All of lore.kernel.org
 help / color / mirror / Atom feed
From: Eric Biggers <ebiggers@kernel.org>
To: corwin <corwin@redhat.com>
Cc: linux-block@vger.kernel.org, vdo-devel@redhat.com, dm-devel@redhat.com
Subject: Re: [dm-devel] [PATCH v2 02/39] Add the MurmurHash3 fast hashing algorithm.
Date: Tue, 23 May 2023 23:06:24 +0000	[thread overview]
Message-ID: <20230523230624.GF888341@google.com> (raw)
In-Reply-To: <20230523222501.GD888341@google.com>

On Tue, May 23, 2023 at 10:25:01PM +0000, Eric Biggers wrote:
> On Tue, May 23, 2023 at 06:13:08PM -0400, corwin wrote:
> > On 5/23/23 6:06 PM, Eric Biggers wrote:
> > > On Tue, May 23, 2023 at 05:45:02PM -0400, J. corwin Coburn wrote:
> > > > MurmurHash3 is a fast, non-cryptographic, 128-bit hash. It was originally
> > > > written by Austin Appleby and placed in the public domain. This version has
> > > > been modified to produce the same result on both big endian and little
> > > > endian processors, making it suitable for use in portable persistent data.
> > > > 
> > > > Signed-off-by: J. corwin Coburn <corwin@redhat.com>
> > > > ---
> > > >   drivers/md/dm-vdo/murmurhash3.c | 175 ++++++++++++++++++++++++++++++++
> > > >   drivers/md/dm-vdo/murmurhash3.h |  15 +++
> > > >   2 files changed, 190 insertions(+)
> > > >   create mode 100644 drivers/md/dm-vdo/murmurhash3.c
> > > >   create mode 100644 drivers/md/dm-vdo/murmurhash3.h
> > > 
> > > Do we really need yet another hash algorithm?
> > > 
> > > xxHash is another very fast non-cryptographic hash algorithm that is already
> > > available in the kernel (lib/xxhash.c).
> > > 
> > > - Eric
> > 
> > The main reason why vdo uses Murmur3 and not xxHash is that vdo has been in
> > deployment since 2013, and, if I am reading correctly, xxHash did not have a
> > 128 bit variant until 2019.
> 
> Why do you need a 128-bit non-cryptographic hash algorithm?  What problem are
> you trying to solve?

To elaborate a bit: the reason this seems strange to me is that when people say
they need a 128-bit (or larger) non-cryptographic hash function, usually they
are either mistaken and 64-bit would suffice, or they actually need a
cryptographic hash function.

In this case, the hash function seems to be used for data deduplication.  This
is unusual, since data deduplication normally requires a cryptographic hash
algorithm.

I see that this is touched on by the following paragraph in vdo-design.rst
(though it incorrectly calls the hash an "identifier for the block"):

    Each block of data is hashed to produce a 16-byte block name which serves as
    an identifier for the block. An index record consists of this block name
    paired with the presumed location of that data on the underlying storage.
    However, it is not possible to guarantee that the index is accurate. Most
    often, this occurs because it is too costly to update the index when a block
    is over-written or discarded. Doing so would require either storing the
    block name along with the blocks, which is difficult to do efficiently in
    block-based storage, or reading and rehashing each block before overwriting
    it. Inaccuracy can also result from a hash collision where two different
    blocks have the same name. In practice, this is extremely unlikely, but
    because vdo does not use a cryptographic hash, a malicious workload can be
    constructed. Because of these inaccuracies, vdo treats the locations in the
    index as hints, and reads each indicated block to verify that it is indeed a
    duplicate before sharing the existing block with a new one.

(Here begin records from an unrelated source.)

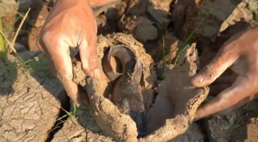 人们为了挖出更多这种生长在土里的非洲肺鱼,开始总结经验,它们发现,非洲肺鱼之所以能在地下生存那么久,是因为聪明的非洲肺鱼会留下一个小孔,用来实现地底的通气,所以人们可以通过这个“记号”找到肺鱼。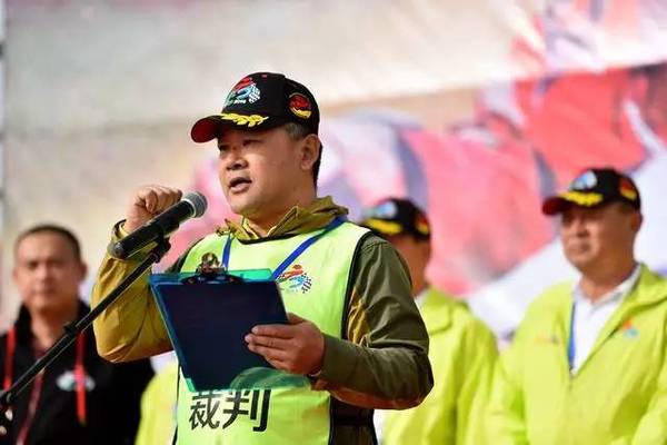 自治區(qū)體育局局長祖龍·克里木宣布發(fā)車儀式開始,并為首輛賽車發(fā)車。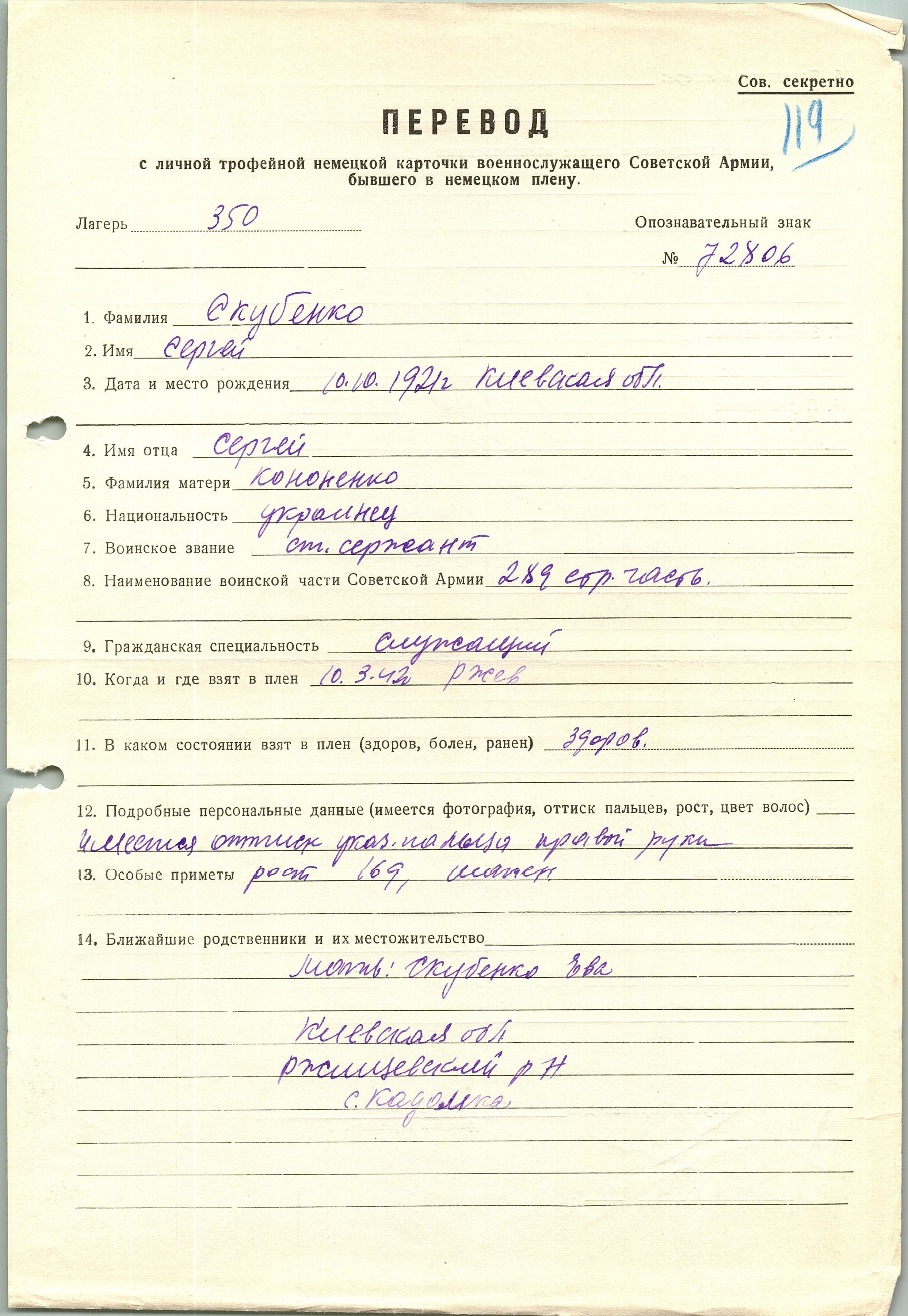 Военнопленные, трофейные карточки. Киевская обл.

So, dm-vdo handles hash collisions by reading back and verifying that the data
matches before allowing deduplication.

That solves the security problem.  However, it does seem strange, and it's more
complex than the usual solution of just using a cryptographic hash.  Note that
cryptographic hashing is very fast on modern CPUs with modern algorithms.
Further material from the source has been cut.